A second Public Hearing on the Kimberley Crossing seniors development proposed for Marysville was to have occurred next Monday at Council’s Committee of the Whole meeting, but has been postponed while the Ministry of Transportation looks at traffic concerns.
Mayor Don McCormick says that traffic was the primary concern arising from a previous hearing.
“All the concerns are traffic related,” he said. “People say they love the project, it’s just a matter of location and traffic. And because access is off a provincial highway we need the advice of a Ministry engineer.”
The access to Kimberley Crossing, which is located on the northwest side of the river, would be through the same intersection as access to the Kimberley Golf Course. There was concern about the amount of morning and late afternoon traffic, and the additional traffic the new facility would generate.
“We need to go through the province to get feedback,” McCormick said. “Then it’s the responsibility of the developer to come up with ways to mitigate concerns.”

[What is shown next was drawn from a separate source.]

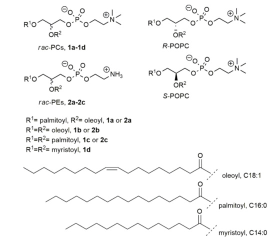 First, to further delineate the properties of chiral and racemic phospholipids, a more stringent physico-chemical analysis of vesicles (enantiopure, racemic, scalemic) will be performed: (a) Turbidity variation induced by shrinking and swelling vesicles as measured by UV spectrometry [57]. (b) Dynamic light scattering and/or spectrophotometry, to monitor morphologies as a function of temperature and the addition of cryoprotectants such as trehalose or other chiral mono/disaccharides. Racemic/enantiopure fatty acid vesicles made of chiral α-methyl fatty acids behave differently under temperature stress, the homochiral ones being more stable [58]. (c) Effects of detergents such as β-d-octylglucopyranoside or sodium cholate (both chiral) affecting the membrane permeability to peptides. (d) Vesicles doped with small amounts of anionic surfactants and subjected to the presence of cationic proteins to determine recognition property of vesicles. (e) Osmotic stress, under the above mentioned conditions. For example, the interaction between anionic vesicles and lysozyme revealed specific properties of vesicles [59,60,61]. Likewise, the opposite can be done, i.e., membranes doped with cationic lipids and interactions with polyanions (poly (Glu), nucleic acids, etc.).

Those concerns aside, McCormick says that Kimberley Crossing is an amazing project that does have a market in Kimberley and the surrounding area.
What is proposed is a three-levels of care seniors complex. Lot A is proposed to be improved with a three storey 48,000 sq. ft. building designed for 61 short and long term care rooms and 3 rooms for respite care. Amenities will include a library/computer/hobby room, barber/hairdresser, as well as a quality kitchen and dining facility. Lot B will be improved with 18 one storey, level entry “patio” style units with 2 bedrooms averaging 968 sq. ft. each. The buildings will consist of 2 attached duplexes, 9 buildings in total. Lot C is proposed to be improved with a four storey 47,346 sq. ft. independent living building designed for 45 units of independent and assisted living. The units will consist of 21 – studio, 12 – one bedroom and 12 – two bedroom suites. Amenities will include a library, computer room, hobby room, exercise room, theater, entertainment director, barber/hairdresser, as well as a quality kitchen and dining facility.
The proponent estimates economic spin-off in the first year, including construction to be $132,400,000 and then $35 million annually thereafter. For the three phases, 77 jobs will be generated. The proponent says these are “high paying and skilled” jobs. They also estimate another 100 jobs in the surrounding communities through support services.